▶ Records supplied
------------------------------

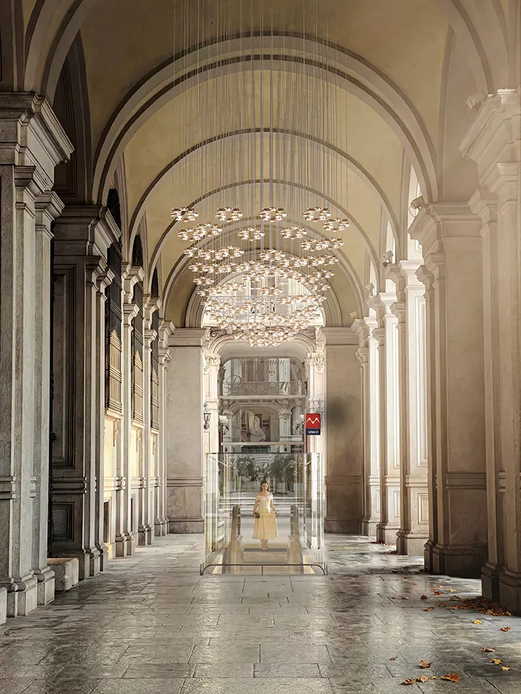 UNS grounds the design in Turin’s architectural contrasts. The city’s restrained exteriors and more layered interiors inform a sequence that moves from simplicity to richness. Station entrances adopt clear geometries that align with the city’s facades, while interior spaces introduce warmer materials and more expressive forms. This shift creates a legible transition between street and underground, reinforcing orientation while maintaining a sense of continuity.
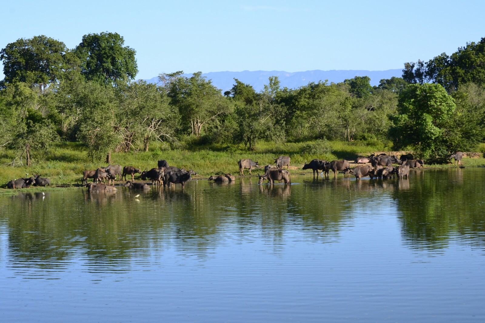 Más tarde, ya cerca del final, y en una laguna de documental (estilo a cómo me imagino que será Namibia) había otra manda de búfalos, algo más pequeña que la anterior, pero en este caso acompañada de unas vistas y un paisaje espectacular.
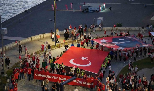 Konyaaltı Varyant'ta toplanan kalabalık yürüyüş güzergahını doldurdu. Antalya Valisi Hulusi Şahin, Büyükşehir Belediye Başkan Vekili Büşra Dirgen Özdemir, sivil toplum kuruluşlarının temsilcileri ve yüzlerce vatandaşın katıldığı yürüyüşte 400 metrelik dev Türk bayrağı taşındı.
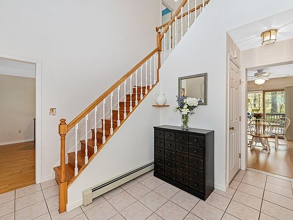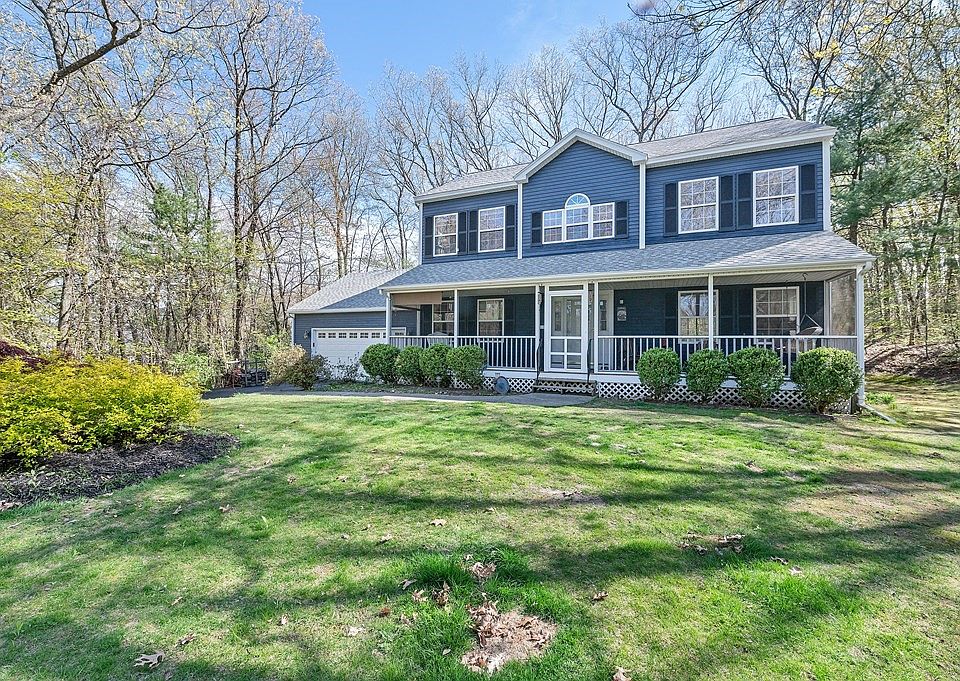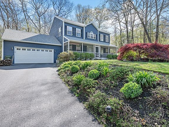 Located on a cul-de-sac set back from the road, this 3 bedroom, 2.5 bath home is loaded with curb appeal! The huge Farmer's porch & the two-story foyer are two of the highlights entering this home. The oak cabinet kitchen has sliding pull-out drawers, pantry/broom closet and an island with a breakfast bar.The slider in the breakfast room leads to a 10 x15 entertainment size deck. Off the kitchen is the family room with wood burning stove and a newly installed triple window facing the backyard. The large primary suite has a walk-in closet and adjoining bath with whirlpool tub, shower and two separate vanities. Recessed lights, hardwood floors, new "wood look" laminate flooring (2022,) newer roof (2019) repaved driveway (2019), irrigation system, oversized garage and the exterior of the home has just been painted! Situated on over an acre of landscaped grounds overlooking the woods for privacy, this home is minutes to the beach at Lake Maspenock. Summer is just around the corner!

------------------------------

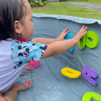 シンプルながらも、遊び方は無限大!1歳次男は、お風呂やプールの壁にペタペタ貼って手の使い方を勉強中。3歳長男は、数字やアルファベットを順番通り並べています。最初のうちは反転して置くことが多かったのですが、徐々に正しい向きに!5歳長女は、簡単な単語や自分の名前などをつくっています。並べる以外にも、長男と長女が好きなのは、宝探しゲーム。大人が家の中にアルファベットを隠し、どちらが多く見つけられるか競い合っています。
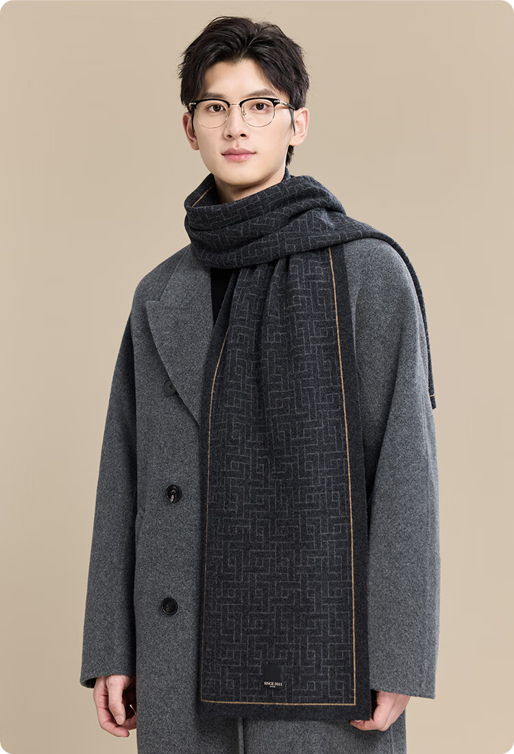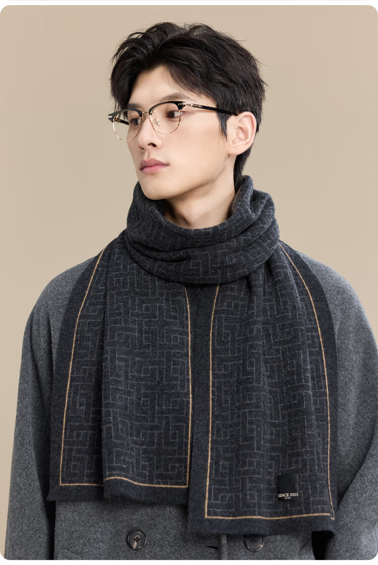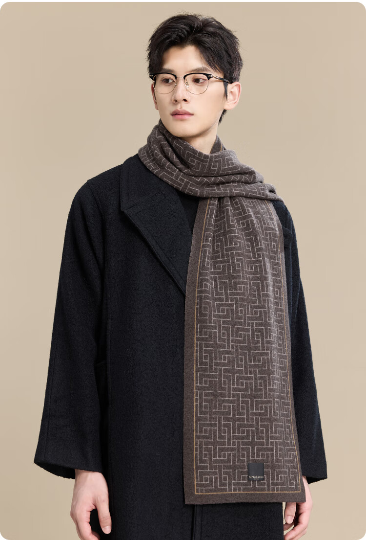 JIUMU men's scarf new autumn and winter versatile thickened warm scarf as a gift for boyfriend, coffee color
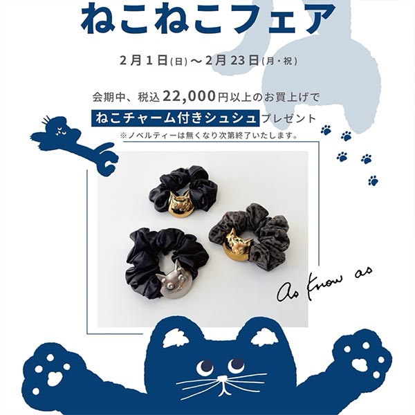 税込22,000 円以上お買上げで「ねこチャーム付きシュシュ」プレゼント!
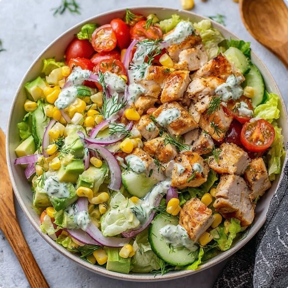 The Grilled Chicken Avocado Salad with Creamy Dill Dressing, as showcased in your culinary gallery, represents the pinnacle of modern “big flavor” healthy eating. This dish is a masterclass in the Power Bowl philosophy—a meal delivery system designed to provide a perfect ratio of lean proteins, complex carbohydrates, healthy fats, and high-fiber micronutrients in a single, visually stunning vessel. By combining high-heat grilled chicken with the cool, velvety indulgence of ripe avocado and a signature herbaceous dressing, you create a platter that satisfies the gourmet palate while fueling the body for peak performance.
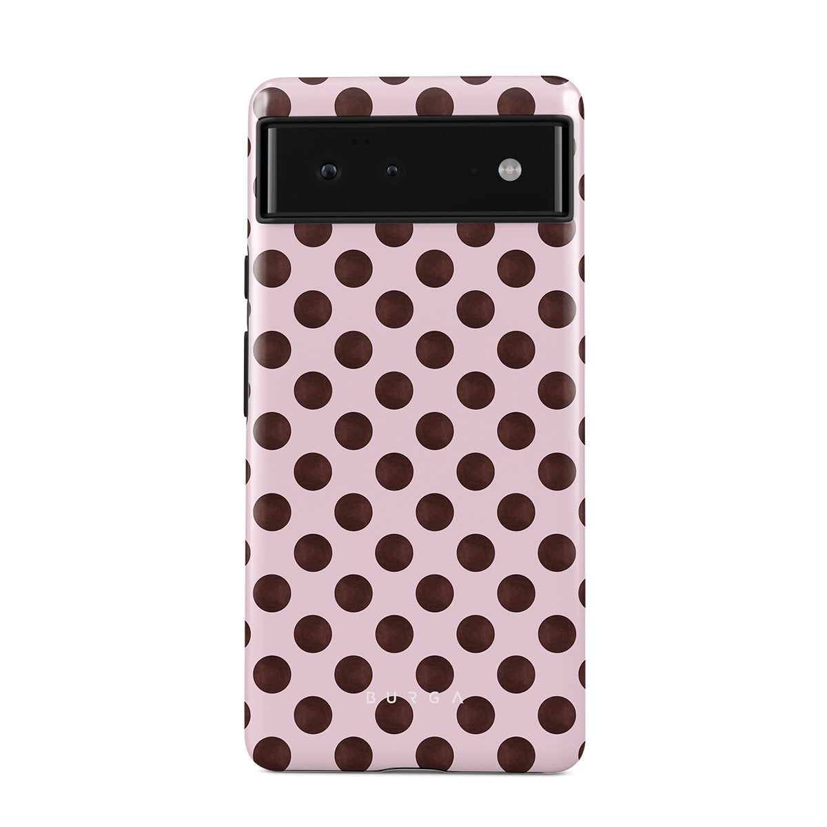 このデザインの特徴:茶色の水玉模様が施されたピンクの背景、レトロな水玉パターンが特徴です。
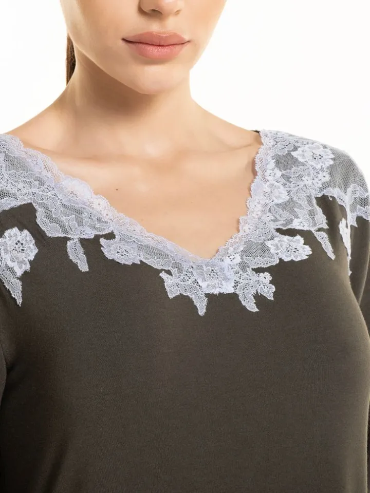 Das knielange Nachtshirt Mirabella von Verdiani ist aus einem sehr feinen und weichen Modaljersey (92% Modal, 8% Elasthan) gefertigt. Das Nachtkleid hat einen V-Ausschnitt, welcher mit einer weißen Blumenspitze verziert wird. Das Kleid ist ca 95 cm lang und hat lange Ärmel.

------------------------------

▶ Assignment
Leave the pictures out. Output, exactly, the lines of the material above starting at the line containing "JIUMU men's scarf" and ending at the line containing "税込22,000 円以上お買上げで「ねこチャーム付きシュシュ」プレゼント!".

▶ Response to this exercise
 JIUMU men's scarf new autumn and winter versatile thickened warm scarf as a gift for boyfriend, coffee color
 税込22,000 円以上お買上げで「ねこチャーム付きシュシュ」プレゼント!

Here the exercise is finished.